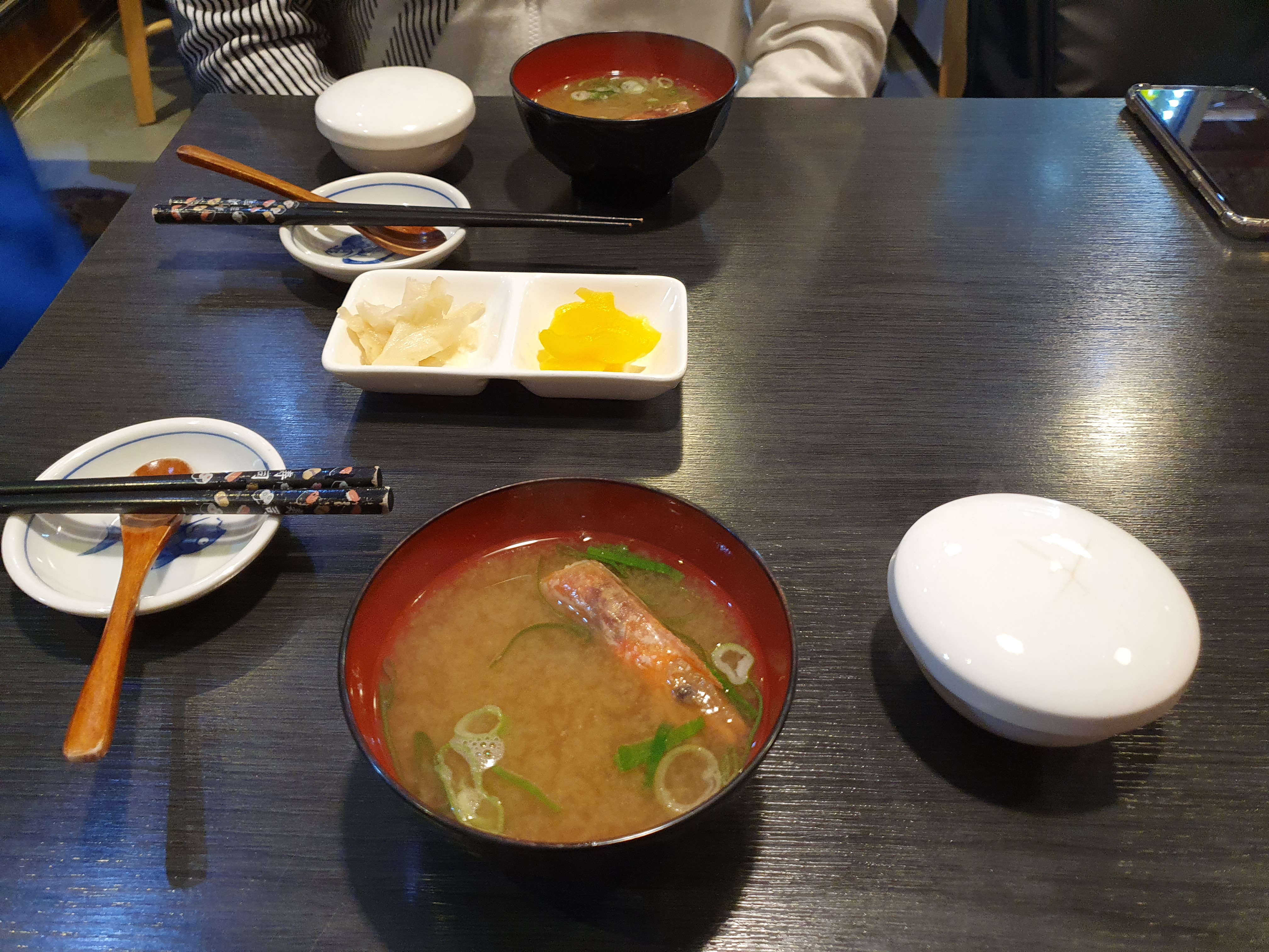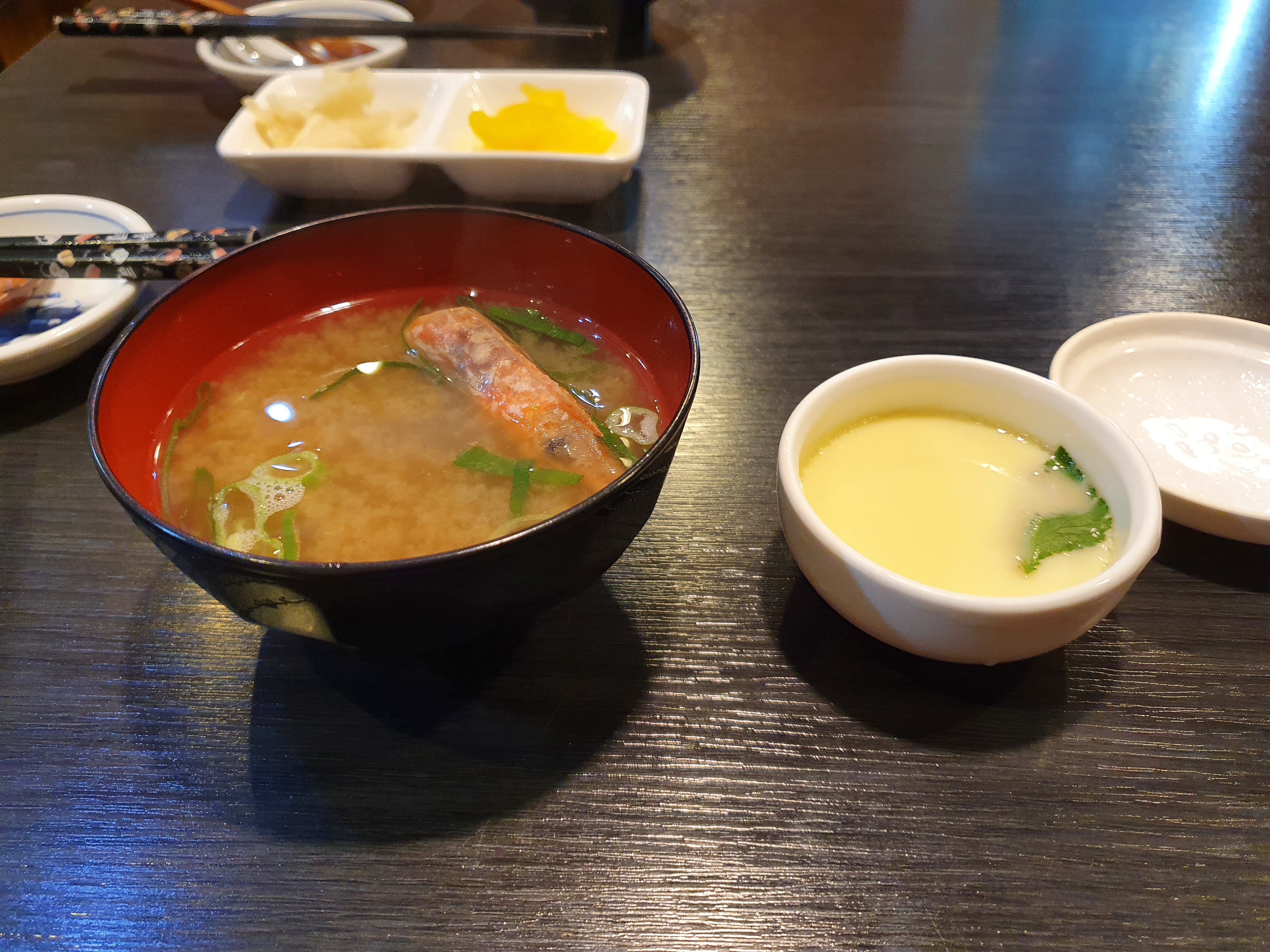 새우 머리가 들어간 된장국과 계란찜이 나왔다.
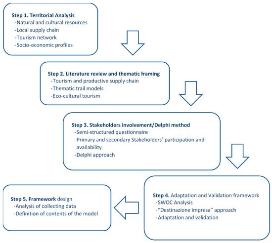 The development of the thematic trail framework followed a multi-phase approach, integrating several different techniques. The main phases of the methodology can be listed as follows: Step 1 (Territorial Analysis); Step 2 (Literature Review and Thematic Framing); Step 3 (Stakeholder Involvement/Delphi Method); Step 4 (Adaptation and Validation Framework); Step 5 (Framework Design).
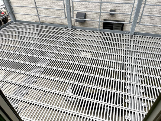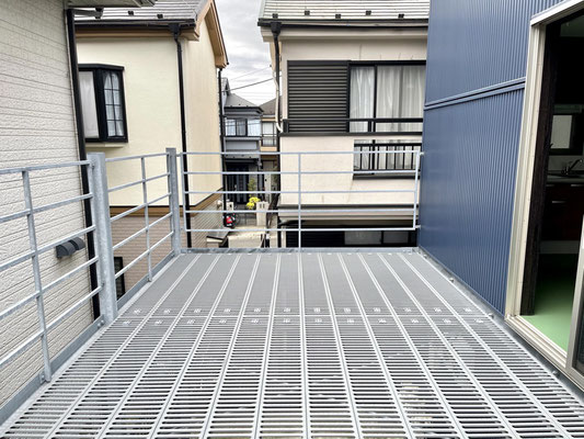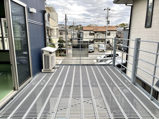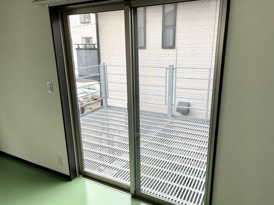 お部屋の一方には大きな窓があり、駐車場の上にある大きなベランダにアプローチ。
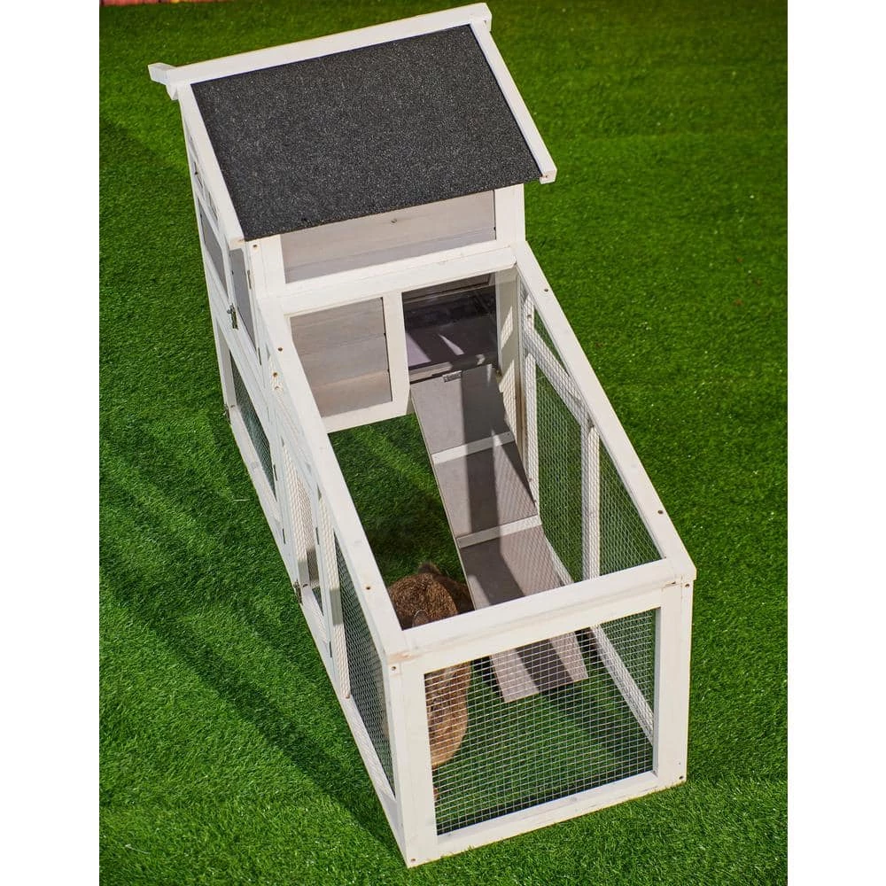 - Raised and closed cage offers a warmer and safer for pets and poultries and prevents predators from reaching into the enclosure, the hutch with a pitched roof effectively protects them from irritating sunlight and rain to always keep a safe and comfortable shelter for pets,
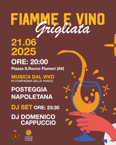 Sabato 21 Giugno a Flumeri "Fiamme e Vino", una serata di divertimento e gusto con grigliata e musica dal vivo. Organizzato dal Forum dei Giovani del paese ufitano, appuntamento dalle ore 20.00 in Piazza San Rocco.
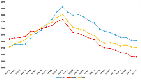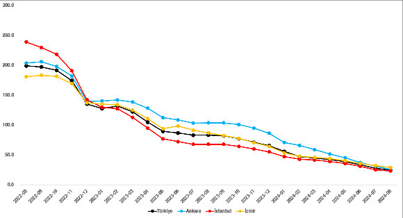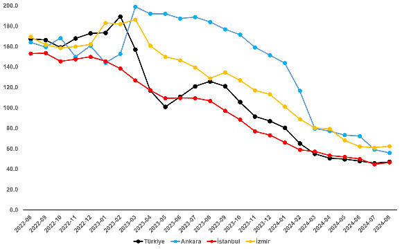 Cari fiyatların yıllık artışlarında tempo kaybı 3 büyükşehir için de geçerlidir. İstanbul’da yüzde 240,9 ile Temmuz 2022’de zirveye ulaşıldıktan sonra düşüş başlamış ve yıllık fiyat artışı Ağustos 2024’te yüzde 23’e gerilemiştir. Ankara ve İzmir’de ise zirveye Eylül 2022’de ulaşılmış, yüzde 205,6 ve yüzde 183,1 olan yıllık artış oranları, Ağustos 2024’te ise bu iki ilimizde sırasıyla, yüzde 25,5’e ve yüzde 28,6’ya gerilemiştir. (Şekil 4)
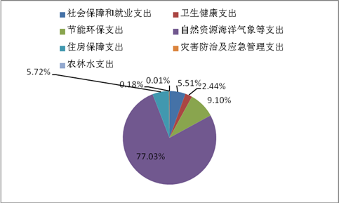 2021年一般公共预算财政拨款支出2724.2万元,主要用于以下方面: 节能环保支出(类)支出248.03万元,占9.1%;自然资源海洋气象等支出(类)2098.41万元,占77.03%;社会保障和就业(类)支出150.16万元,占5.51%;卫生健康支出66.56万元,占2.44%;住房保障支出155.73万元,占5.72%;灾害防治及应急管理支出(类)支出5万元,占0.18%;农林水支出支出(类)支出0.3万元,占0.01%。
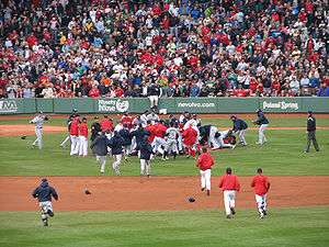 A bench-clearing brawl, sometimes known as a basebrawl or a rhubarb, is a form of ritualistic fighting that occurs in sports, most notably baseball and ice hockey, in which every player on both teams leave their dugouts, bullpens, or benches and charge the playing area in order to fight one another or try to break up a fight.
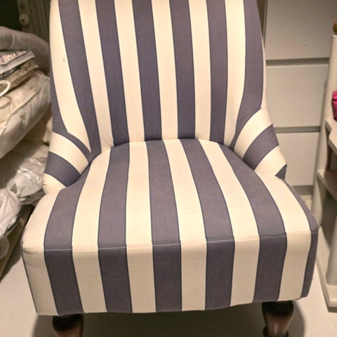 Fåtöljen har varit med ett gäng år och är långt ifrån nyskick. Sliten och med fläckar skvallrar tyget om åldern, men fåtöljen är stabil och go att sitta i.
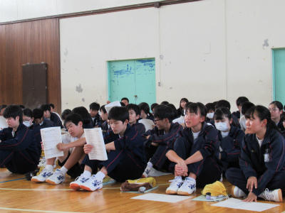 校内での講評でも話しましたが、「自分の身は自分で守る」ことが重要で、その後に小さい子どもやお年寄りを助けることが中学生に求められています。地域では皆さんが一番の戦力であり、期待されています。万が一はあっては困りますが、危機への対応力も身につけていきましょう。
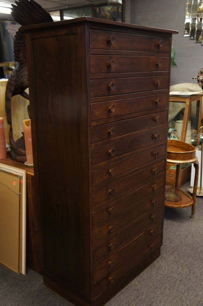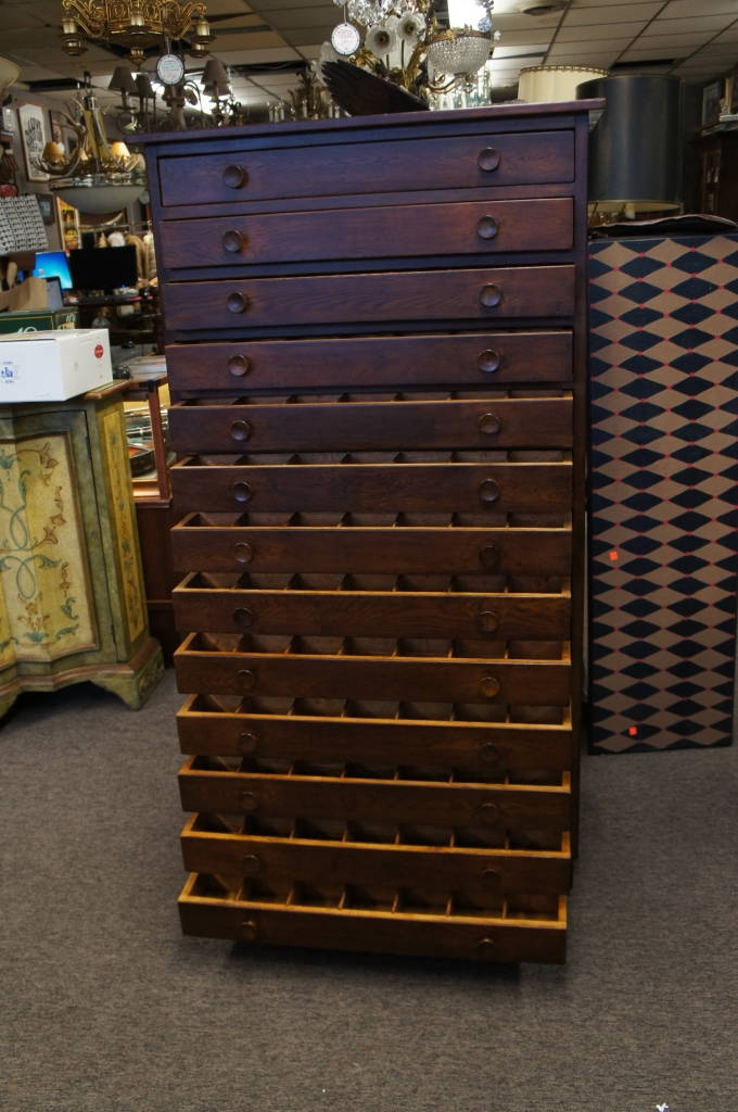 64" Large 13 Drawer Cabinet Letterpress Type Apothecary Spice Industrial Oak
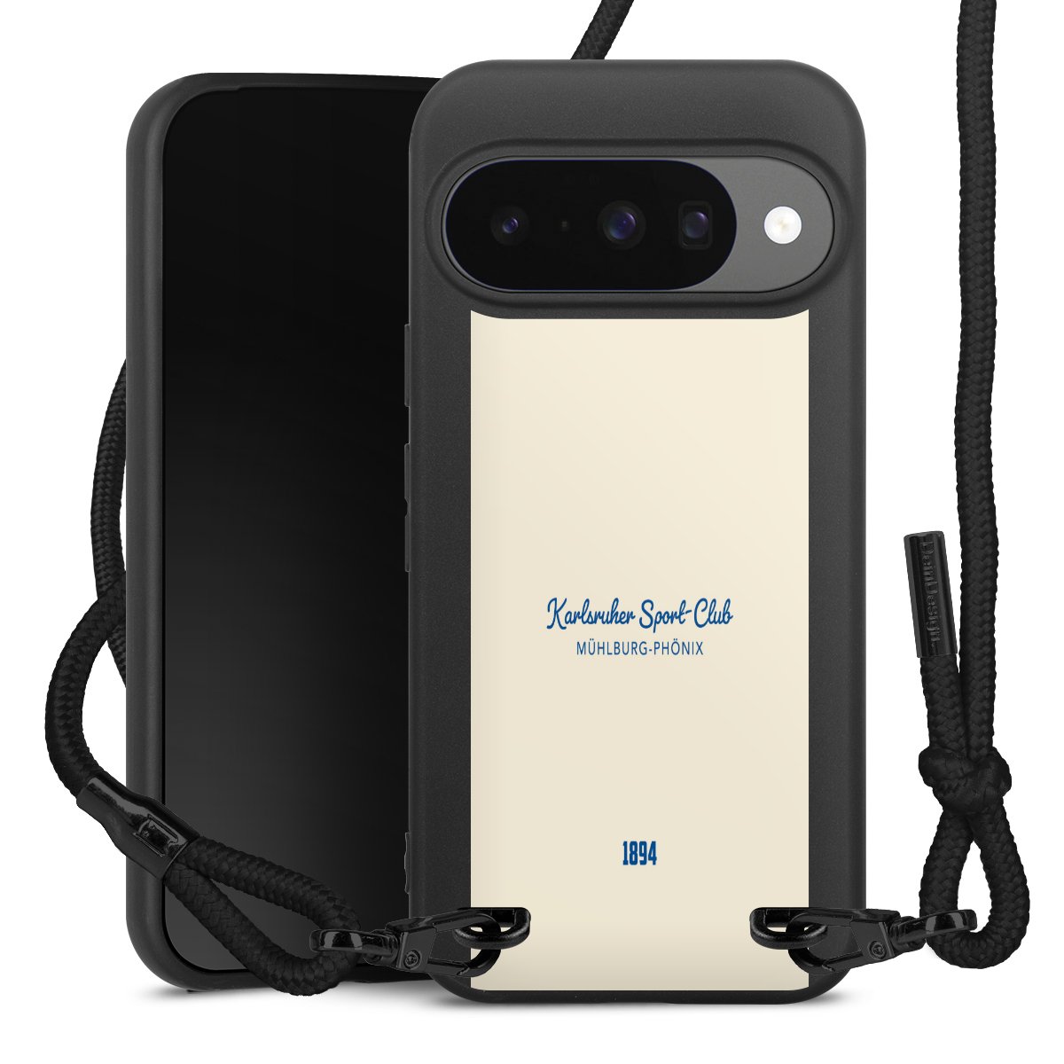 Pure Black: Handyhülle, Stoffband und Metalldetails in stylischem Mattschwarz.

= = = = =

(TASK TO CARRY OUT):
The response should hold only an exact retyping of the lines from the beginning of the data through the line containing "Cari fiyatların yıllık", both ends kept, pictures omitted.

(RESULT BELOW):
 새우 머리가 들어간 된장국과 계란찜이 나왔다.
 The development of the thematic trail framework followed a multi-phase approach, integrating several different techniques. The main phases of the methodology can be listed as follows: Step 1 (Territorial Analysis); Step 2 (Literature Review and Thematic Framing); Step 3 (Stakeholder Involvement/Delphi Method); Step 4 (Adaptation and Validation Framework); Step 5 (Framework Design).
 お部屋の一方には大きな窓があり、駐車場の上にある大きなベランダにアプローチ。
 - Raised and closed cage offers a warmer and safer for pets and poultries and prevents predators from reaching into the enclosure, the hutch with a pitched roof effectively protects them from irritating sunlight and rain to always keep a safe and comfortable shelter for pets,
 Sabato 21 Giugno a Flumeri "Fiamme e Vino", una serata di divertimento e gusto con grigliata e musica dal vivo. Organizzato dal Forum dei Giovani del paese ufitano, appuntamento dalle ore 20.00 in Piazza San Rocco.
 Cari fiyatların yıllık artışlarında tempo kaybı 3 büyükşehir için de geçerlidir. İstanbul’da yüzde 240,9 ile Temmuz 2022’de zirveye ulaşıldıktan sonra düşüş başlamış ve yıllık fiyat artışı Ağustos 2024’te yüzde 23’e gerilemiştir. Ankara ve İzmir’de ise zirveye Eylül 2022’de ulaşılmış, yüzde 205,6 ve yüzde 183,1 olan yıllık artış oranları, Ağustos 2024’te ise bu iki ilimizde sırasıyla, yüzde 25,5’e ve yüzde 28,6’ya gerilemiştir. (Şekil 4)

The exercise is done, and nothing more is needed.